In a small but necessary concession to the world around Adams, Simpson explains how the release of the first "Star Wars" opened doors of opportunity for Adams' work to move to visual presentation. All the hesitation over putting "sci-fi" on BBC television was swept away and HHGG was produced as a result. Simpson notes that the timing led some to believe HHGG was a "send-up" of science fiction, but he dismisses that readily. HHGG was original thinking, demonstrating that Adams was well ahead in his view of putting science into interesting stories. His characters and events went far beyond Hollywood's interpretation of sci-fi. More importantly, the innovative graphics were supplemental to the story line and characters. The graphics only enhanced the narrative without dominating the themes, in the way Hollywood dealt with them.
In the meagre offerings Simpson attempts to reveal Adams' interests and what led him along certain tracks, we learn of the association with the Beatles. The focus, it seems, was on parties and name-dropping. Adams made one production involving Ringo Starr, but that went nowhere. As Adams matured, he lost a sense of the Christianity he was raised in. Simpson provides a flimsy chapter, "Interlude - God", in which Adams describes himself as waffling about deities. It provides nothing of the roots of his shift from religiosity. Although there is mention of his relation to Richard Dawkins, who married "Doctor Who's" Lalla Ward, there is nothing related about Adams' growing interest in science. When he realised his initials were "DNA", Adams later made much of the connection. None of that appears here. It took Richard Dawkins to extol Adams' "amalgamated knowledge of literature and science" in his "Lament for Douglas" to provide the proper assessment. It's almost astonishing that Simpson incorporates none of the accolades voiced at Adams' death.

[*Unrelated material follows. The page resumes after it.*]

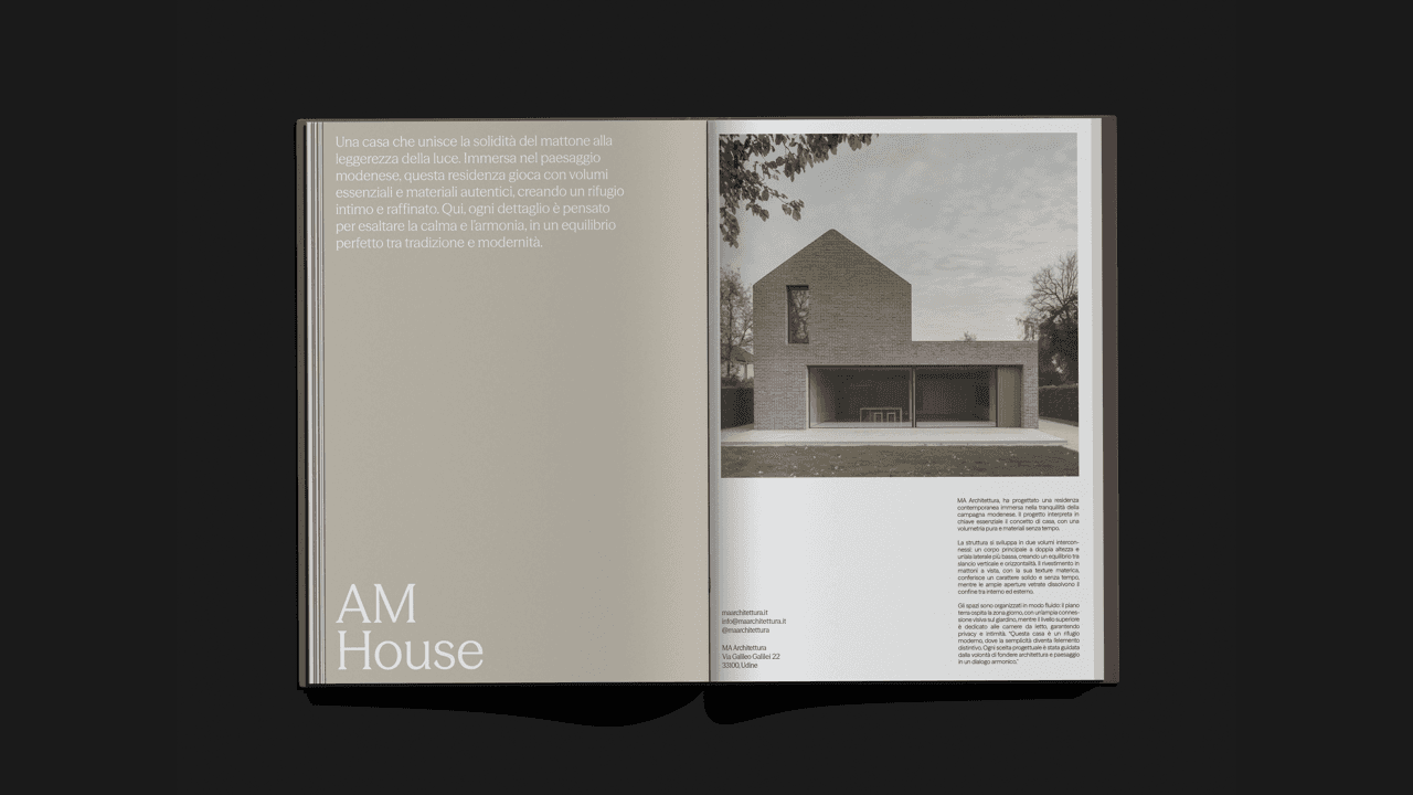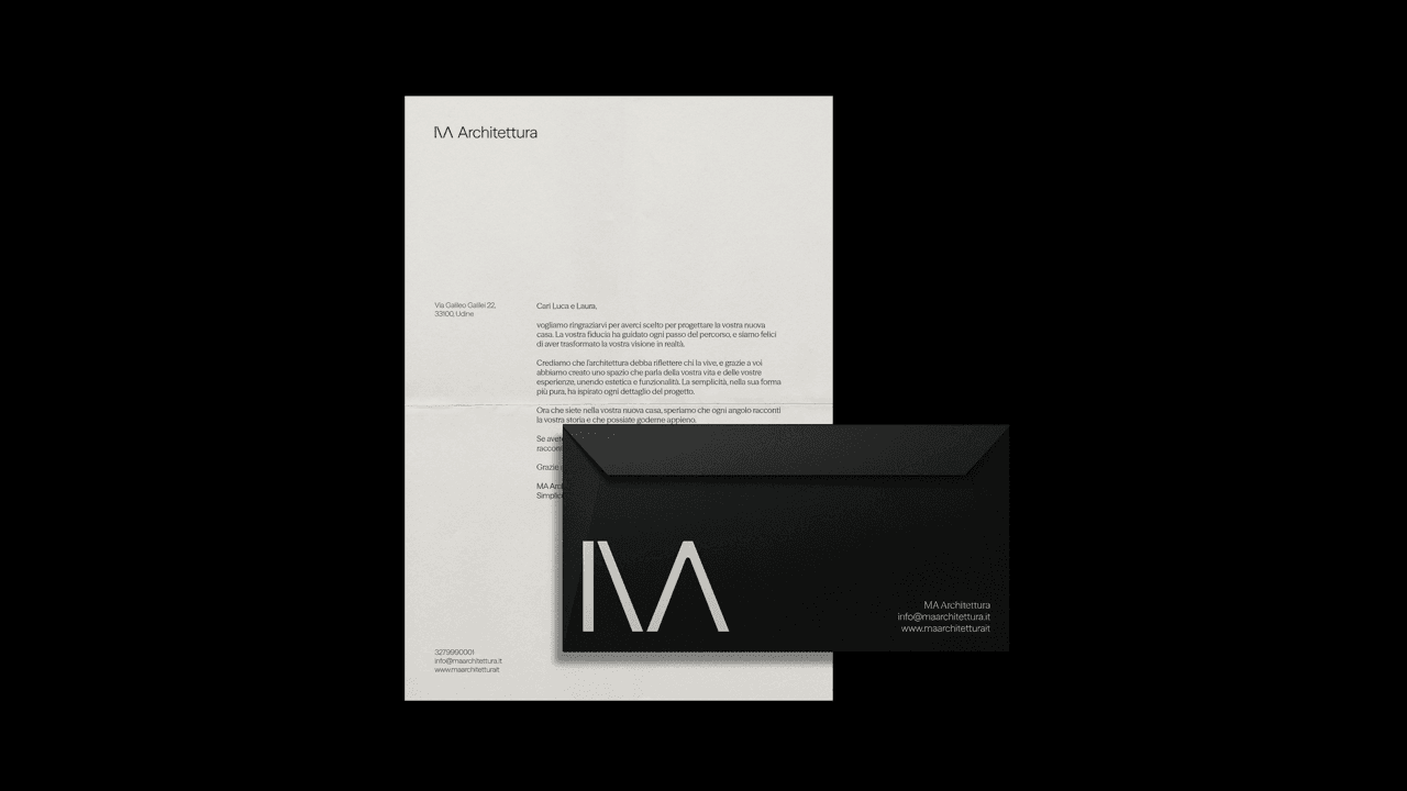 Nessun artificio superfluo, nessuna sovrastruttura: il brand riflette la purezza del segno architettonico di MA Architettura, mettendo al centro l’equilibrio, la proporzione e il valore del dettaglio. Il linguaggio è diretto e raffinato, capace di trasmettere con naturalezza la qualità del lavoro dello studio. Un’identità visiva che non impone, ma accompagna, lasciando spazio alla vera protagonista: l’architettura.
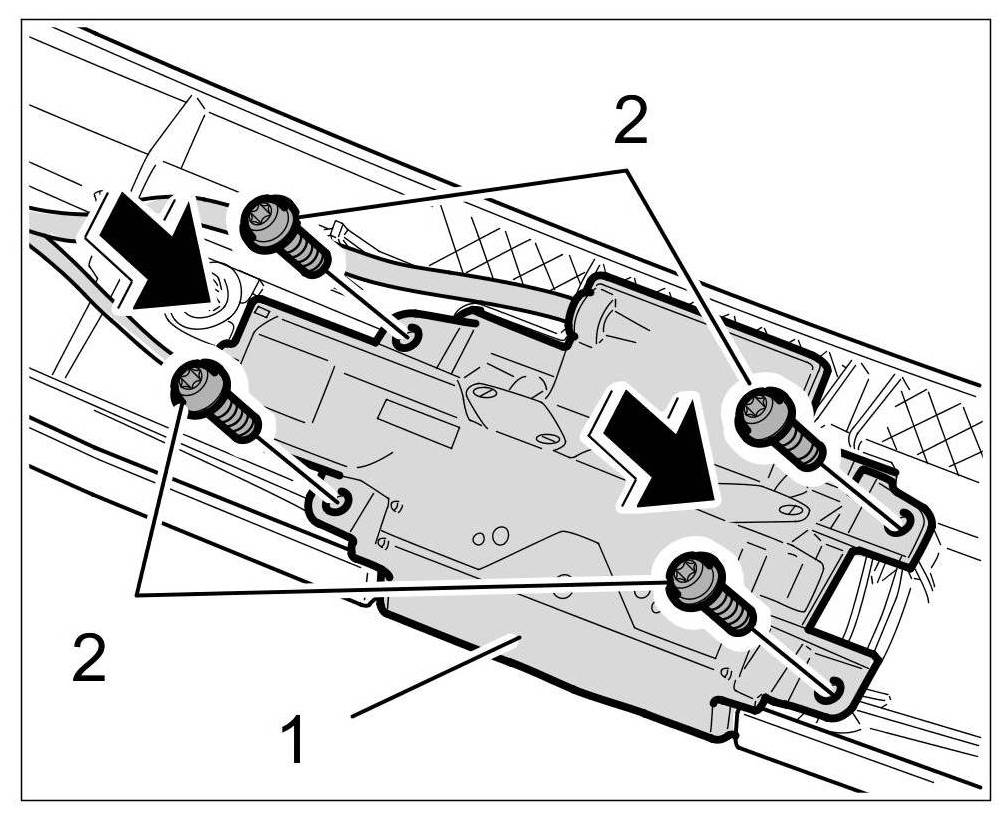 4. Tighten fastening screws -2- to the specified tightening torque. => Tightening torque: 1.2 Nm (1.0 ftlb.)

Simpson has provided fans with much detail on Adams' career - collaborators, agents, and BBC officialdom. There are many legends and corrections of legends supplied. The chronicler deserves full credit for the immense task he has accomplished. As you close the final page, however, you realise the job is incomplete. The detail obscures the greater picture, which Simpson fails to encapsulate. Perhaps that is indicative of the immensity of coping with the subject. Adams was a big man in many ways and it's to be hoped that a full depiction of his life will be the next step. [stephen a. haines - Ottawa, Canada]
on December 19, 2003
And better than pretty much anything else out there right now. Douglas Adams may be dead (or only hiding), but I'd rather read him or even just read about him than a lot of the self-congratulatory cyber-muck being peddled as SF these days. Hitchhiker is exhaustive (at times, exhausting), dead-on, funny, sad, nostalgic and true. For anyone you know who's read all of DA, or even just some of DA, this is a perfect complement, and a perfect capstone. Neil Gaiman's Don't Panic might be funnier, but Hitchhiker is richer.